Mysql garbled problem _ MySQL

Source: Internet
Author: User
Mysql garbled problem mysql character encoding is introduced in version 4.1 and supports multiple languages, and some features have exceeded other database systems.

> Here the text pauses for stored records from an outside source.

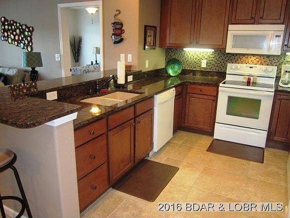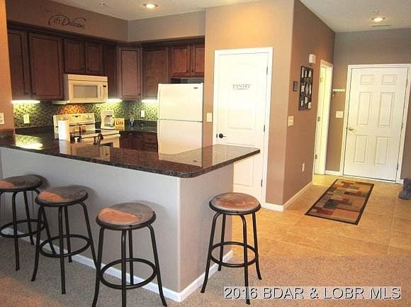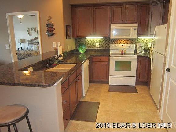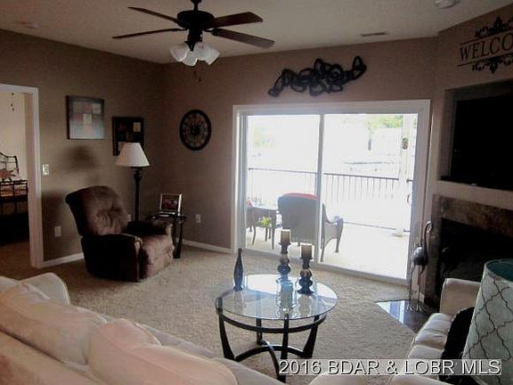 Walk-in level * Close to elevator for easy access to pool & docks * Ceramic tile in foyer, kitchen, laundry/mechanical & both bathrooms * Great kitchen w. beautiful cabinets, granite countertops, glass tile backsplash & under-counter lighting * Electric fireplace w. marble surround & hearth and built-in cavity above for large screen TV * Master bath w. 36â tall double-sink vanity & cultured marble countertop, jetted tub, walk-in shower & large walk-in closet * Guest bath w. similar single-sink vanity, walk-in shower & walk-in closet * Ceiling fans in living room & all bedrooms * Fantastic 49.5âx9.5â carpeted, screened deck w. (2) ceiling fans * 10 minutes to Camdenton * 25 minutes to Outlet Mall * 8 waterfront restaurants within 8 MI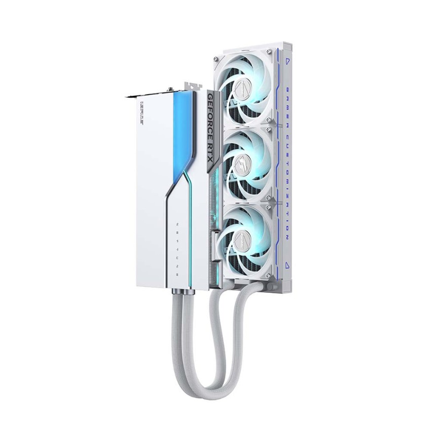 Dòng Neptune của Colorful luôn được biết đến với hệ thống làm mát bằng nước tích hợp sẵn, và RTX 5080 Neptune OC không phải ngoại lệ. Card được trang bị một waterblock nhỏ gọn, chiếm chỉ 2 khe PCIe, kết hợp với radiator 360mm dày 50mm, đảm bảo khả năng tản nhiệt vượt trội. Thiết kế này giữ cho GPU luôn mát mẻ, ngay cả khi hoạt động ở cường độ cao trong thời gian dài, đồng thời giảm thiểu tiếng ồn so với tản nhiệt khí truyền thống. Điểm mới ở phiên bản này là các cổng vào/ra của hệ thống nước được đặt ở phía sau card, tạo vẻ ngoài gọn gàng và thẩm mỹ hơn.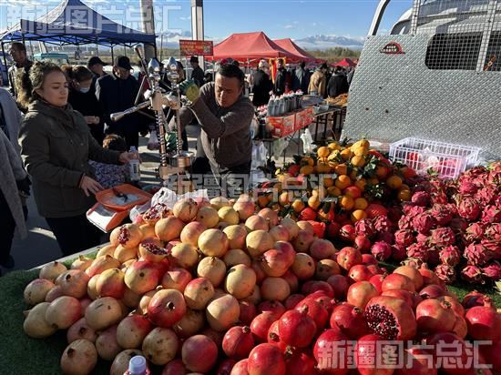 2023年11月4日,摊位经营者为村民榨石榴汁。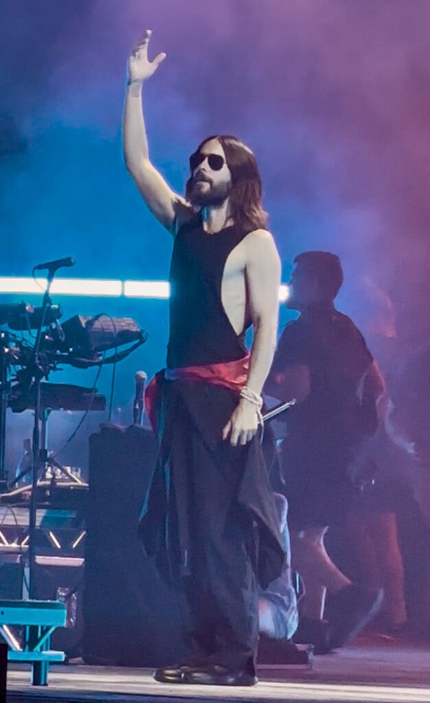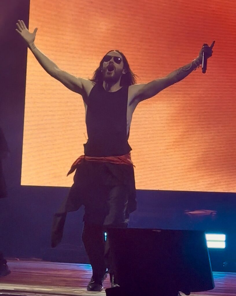 The moment Jared Leto stepped onto the stage, wrapped in that light that seems to follow him wherever he goes, the Arena became a single breath, an immense chorus rising under the stars. With his charisma capable of warming even the most tired souls, Jared looked into the eyes of the crowd as if he could see inside each person, and with every note, he turned distance into closeness, weariness into a hunger for life. At his side, Shannon Leto, his hands striking the drums like an ancestral heartbeat, set the rhythm for hearts beating in unison, turning fears into pulses, exhaustion into energy, the evening into a dawn inside everyone.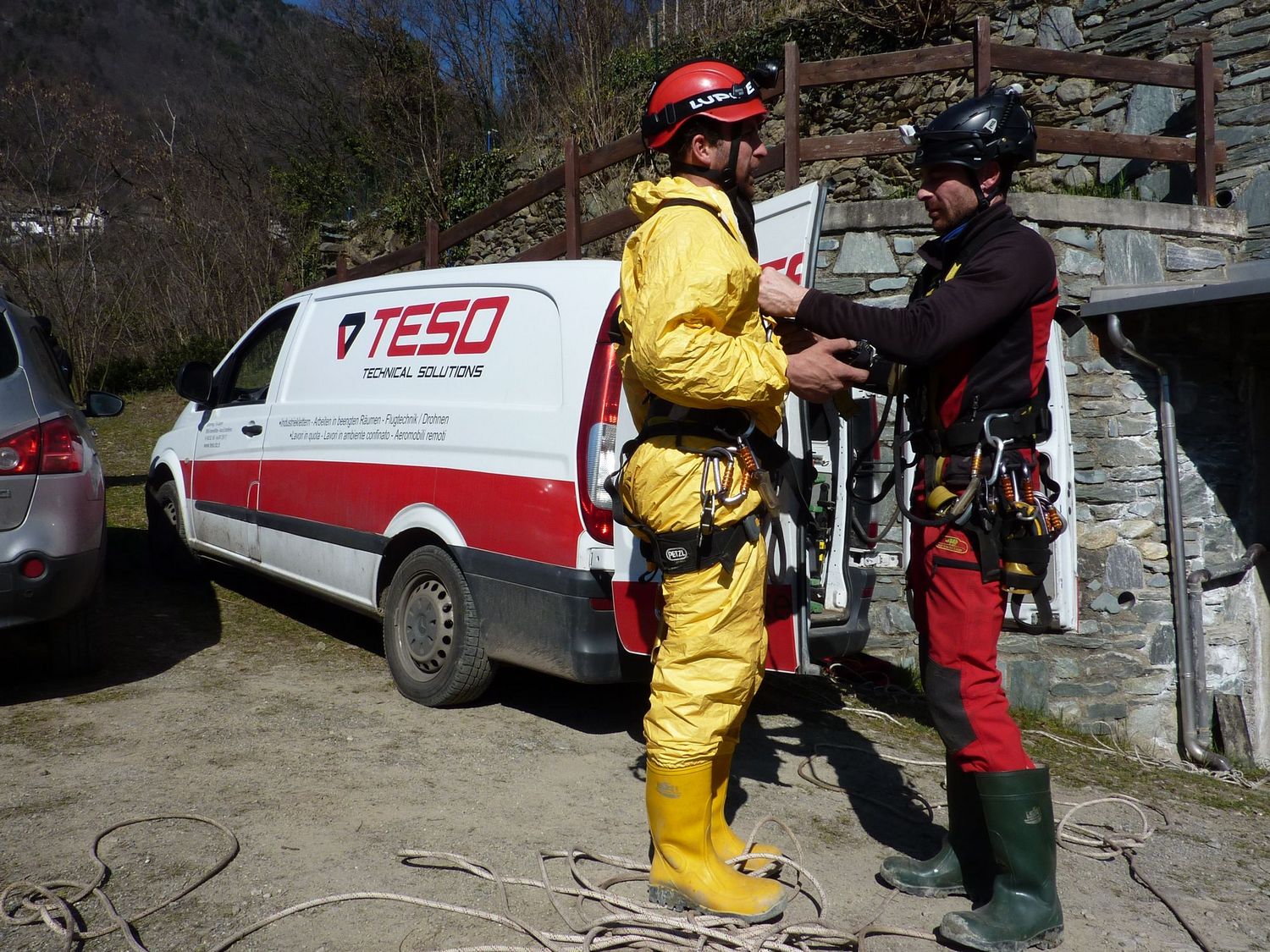 Wo wir mit Klettertechniken nicht hinkommen, haben wir verschiedene technische Hilfsmittel, um komplexe Arbeiten an schwer erreichbaren Orten durchzuführen, zum Beispiel unter Wasser oder in beengten Räumen. Seit Jahren arbeiten wir auch für Großwasserkraftbetreiber als Dienstleister an schwer zugänglichen Orten sowie im Bereich Sediment-Management.

Run the following Command under MySQL Command Line Client to view the mysql character set:

Mysql> show character set;
+ ---------- + ----------------------------- + --------------------- + -------- +
| Charset | Description | Default collation | Maxlen |
+ ---------- + ----------------------------- + --------------------- + -------- +
| Big5 | Big5 Traditional Chinese | big5_chinese_ci | 2 |
| Dec8 | DEC West European | dec8_swedish_ci | 1 |
| Cp850 | DOS West European | cp850_general_ci | 1 |
| Hp8 | HP West European | hp8_english_ci | 1 |
| Koi8r | KOI8-R Relcom Russian | koi8r_general_ci | 1 |
| Latin1 | cp1252 West European | latin1_swedish_ci | 1 |
| Latin2 | ISO 8859-2 Central European | latin2_general_ci | 1 |
| Swe7 | 7bit Swedish | swe7_swedish_ci | 1 |
| Ascii | us ascii | ascii_general_ci | 1 |
| Ujis | EUC-JP Japanese | ujis_japanese_ci | 3 |
| Sjis | Shift-JIS Japanese | sjis_japanese_ci | 2 |
| Hebrew | ISO 8859-8 Hebrew | hebrew_general_ci | 1 |
| Tis620 | TIS620 Thai | tis620_thai_ci | 1 |
| Euckr | EUC-KR Korean | euckr_korean_ci | 2 |
| Koi8u | KOI8-U Ukrainian | koi8u_general_ci | 1 |
| Gb2312 | GB2312 Simplified Chinese | gb2312_chinese_ci | 2 |
| Greek | ISO 8859-7 Greek | greek_general_ci | 1 |
| Cp1250 | Windows Central European | cp1250_general_ci | 1 |
| Gbk | GBK Simplified Chinese | gbk_chinese_ci | 2 |
| Latin5 | ISO 8859-9 Turkish | latin5_turkish_ci | 1 |
| Armscii8 | ARMSCII-8 Armenian | armscii8_general_ci | 1 |
| Utf8 | UTF-8 Unicode | utf8_general_ci | 3 |
| Ucs2 | UCS-2 Unicode | ucs2_general_ci | 2 |
| Cp866 | DOS Russian | cp866_general_ci | 1 |
| Keybcs2 | DOS Kamenicky Czech-Slovak | keybcs2_general_ci | 1 |
| Macce | Mac Central European | macce_general_ci | 1 |
| Macroman | Mac West European | macroman_general_ci | 1 |
| Cp852 | DOS Central European | cp852_general_ci | 1 |
| Latin7 | ISO 8859-13 Baltic | latin7_general_ci | 1 |
| Cp1251 | Windows Cyrillic | cp1251_general_ci | 1 |
| Cp1256 | Windows Arabic | cp1256_general_ci | 1 |
| Cp1257 | Windows Baltic | cp1257_general_ci | 1 |
| Binary | Binary pseudo charset | binary | 1 |
| Geostd8 | GEOSTD8 Georgian | geostd8_general_ci | 1 |
| Cp932 | SJIS for Windows Japanese | cp932_japanese_ci | 2 |
| Eucjpms | UJIS for Windows Japanese | eucjpms_japanese_ci | 3 |
+ ---------- + ----------------------------- + --------------------- + -------- +
36 rows in set (0.02 sec)



MySQL 4.1 Character Set Support has two aspects: Character set and Collation ). The support for character sets is refined to four levels: server, database, table, and connection ).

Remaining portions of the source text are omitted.